98hp is more than enough to get a plane in the air and up to a reasonable cruise speed and altitude.
Using the Electric drive at altitude, with the assistance of solar panels on the wings and fuselage.

When the enigne is off, use "regen" braking as you coast(dasend) after depleting the battery.
Planes increase in speed or stay constant in a dasend, creating an ungodly coast while charging the battery to full capacity through the constant rotation of the prop. Use the Engines power to climb back up to altitude, cruise on electric until depleted, then desend again for regeneration. As well as mixing your electric use and Regen on Final Approach.


(At the time of this writing, i have no knowledge of Hybrid planes, but im sure there out there) >.>
Various things have been considered, but with aircraft the matter of weight becomes of paramount importance, it affects the runway rollout, the rate of climb, and the HP required for cruising.

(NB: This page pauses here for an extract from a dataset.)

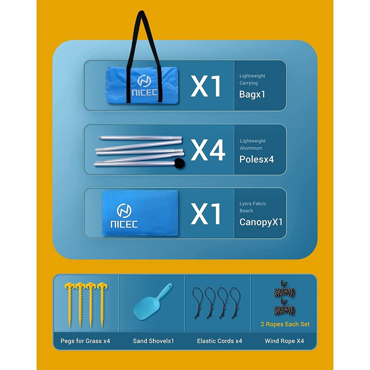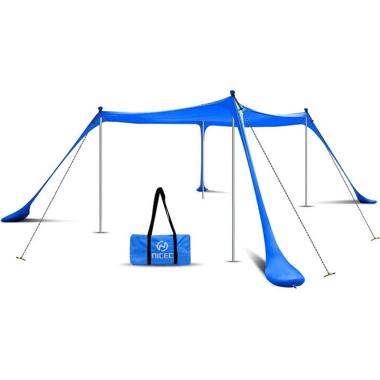 - This all-in-one set includes a lycra fabric canopy, a carry bag, four aluminum poles, four pegs, one sand shovel, four elastic cords, and two ropes.
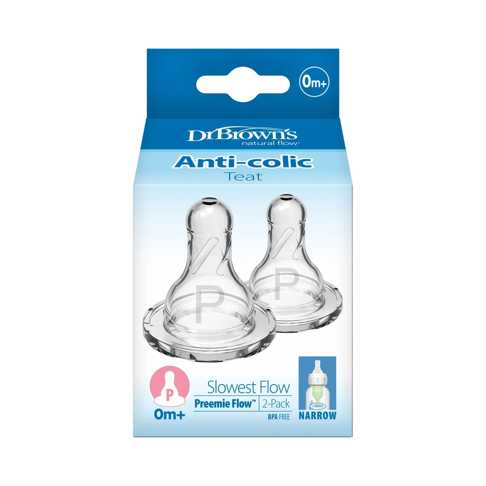 Las tetinas de boca estrecha para bebés prematuros de Dr. Brown’s, son extra suaves y están fabricadas de 100% silicona de la más alta calidad. Presentan un sistema único y patentado de ventilación interna que elimina el vacío y las burbujas de aire, reduciendo los síntomas de cólico, vómitos, eructos, reflujo y gases en los niños. Estas tetinas son para biberones Dr. Brown’s de boca estrecha. Libres de BPA.

On some platforms it would make sense within a limited scope, say for instance supplementary power on takeoff would allow a smaller cheaper powerplant that is optimised for cruising speed. VTOL platforms only requiring maximum power for the duration to the point where translational lift from wing (even rotary wing) and flap devices that have achieved a particular airspeed to attain a tolerable cruising attitude. Usually engine driven thrust contributes to lift primarily, with lift appropriated from wings and high lift devices sharing and eventually replacing that thrust burden as flying speed is achieved.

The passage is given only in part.